"To jasne, że książę nie przyjechał, by rozwiązać problemy lokalnej społeczności, ale by zabić niedźwiedzia"

Źródło:
BBC, Guardian

Aktywiści na rzecz środowiska oskarżają księcia Liechtensteinu o zastrzelenie prawdopodobnie największego niedźwiedzia żyjącego na terytorium Unii Europejskiej – podała w czwartek BBC. Do polowania, w czasie którego Emanuel von und zu Liechtenstein miał zabić zwierzę, doszło w marcu w Rumunii. 

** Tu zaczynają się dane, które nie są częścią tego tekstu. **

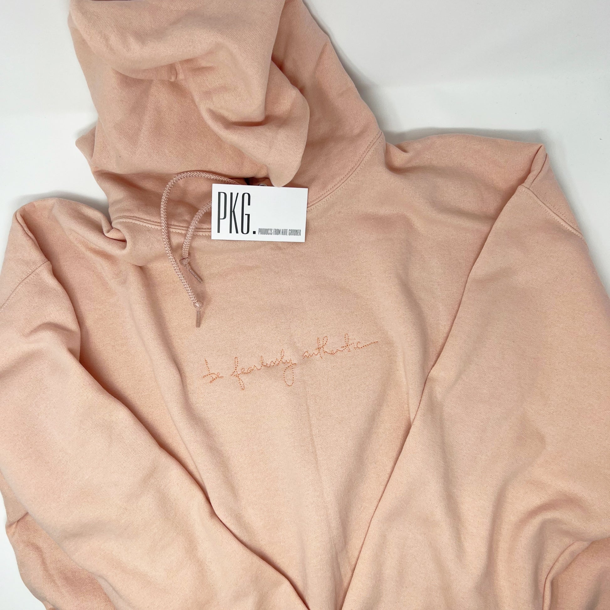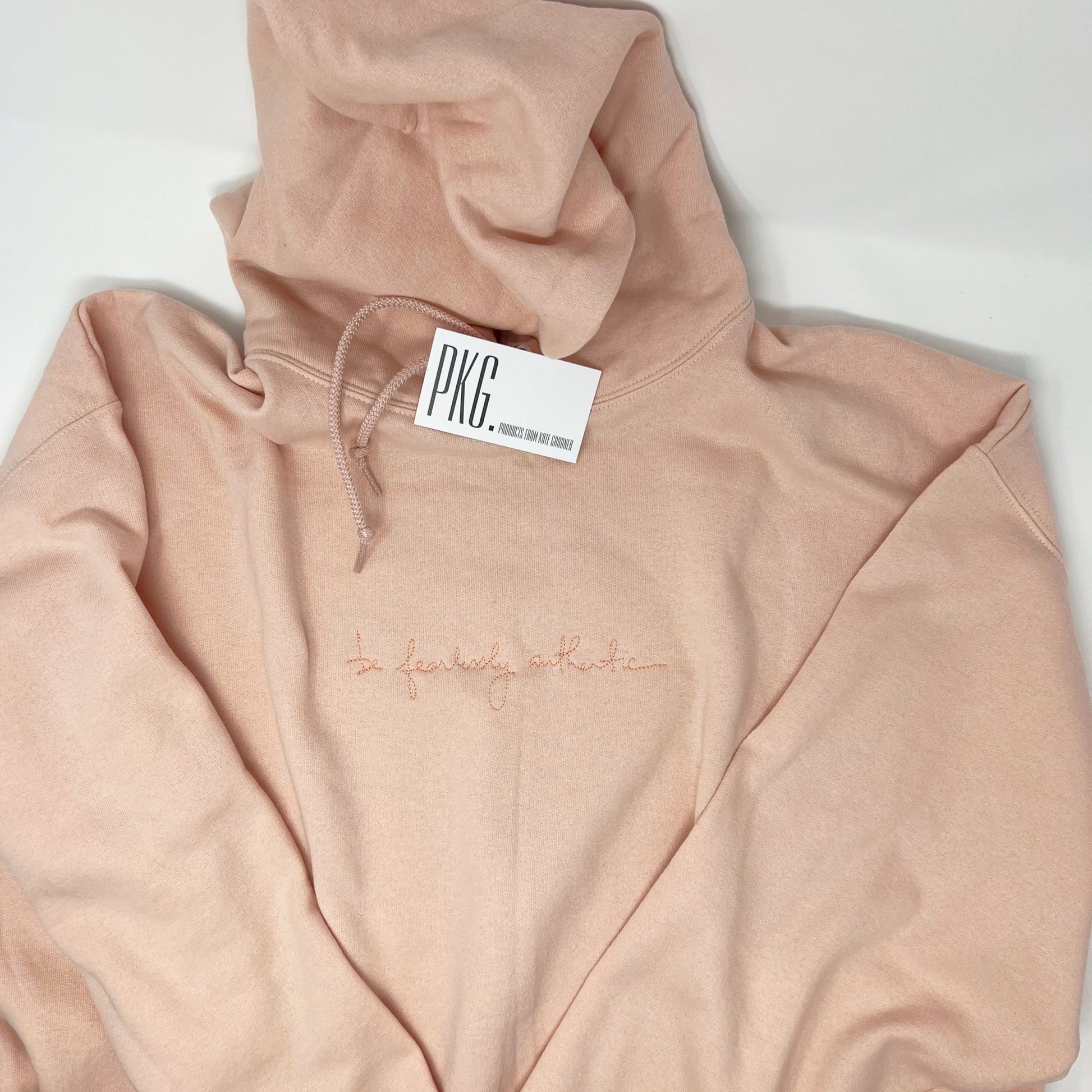 Be Fearlessly Authentic in handwritten script across the front. Blush thread on blush hoodie.

Według rumuńskiej organizacji pozarządowej Agent Green oraz austriackiej VGT książę miał otrzymać pozwolenie na odstrzał niedźwiedzicy, który rzekomo dokonała wcześniej szkód na jednym z gospodarstw rolnych. Do polowania doszło w marcu tego roku w obszarze chronionym rumuńskich Karpat.

OGLĄDAJ TVN24 W INTERNECIE W TVN24 GO

Agencja Associated Press poinformowała, że jej reporterom udało się dotrzeć do oficjalnych dokumentów z polowania. Wynika z nich, że książę Emanuel von und zu Liechtenstein otrzymał czterodniowe pozwolenie na polowanie w okręgu Covasna, a 13 marca zastrzelił 17-letniego niedźwiedzia brunatnego, za którego miał zapłacić 7 tysięcy euro.

Gabriel Paun, lider grupy Agent Green przekazał, że 17-letni Artur był największym niedźwiedziem zamieszkującym teren Rumunii oraz prawdopodobnie największym w całej Unii Europejskiej. - Zastanawiam się, jak książę mógł pomylić samicę niedźwiedzia, która nachodzi wioski, z największym samcem, który mieszkał w głębokim lesie – zauważył Paun. Jego zdaniem "to jasne, że książę nie przyjechał, by rozwiązać problemy lokalnej społeczności, ale by zabić niedźwiedzia i zabrać do domu trofeum, które mógłby powiesić na ścianie".

BBC przekazało, że książę, który mieszka w Austrii, nie odpowiedział jeszcze na prośby o komentarz, a inne próby dotarcia do niego się nie powiodły. Rumuńska straż ochrony środowiska wszczęła dochodzenie w sprawie śmierci zwierzęcia.

Niedźwiedź brunatnyShutterstock

Na mocy prawa międzynarodowego, jak i przepisów rumuńskich, polowania na niedźwiedzie brunatne w celu pozyskania trofeów są nielegalne od 2016 roku. Brytyjski "Guardian" zwrócił jednak uwagę, że kolejne rządy w Bukareszcie stosowały wyjątki, wydając pozwolenie resortu środowiska na odstrzał konkretnych osobników, które spowodowały poważne szkody w siedliskach ludzkich, bądź bezpośrednio zagrażały ich mieszkańcom.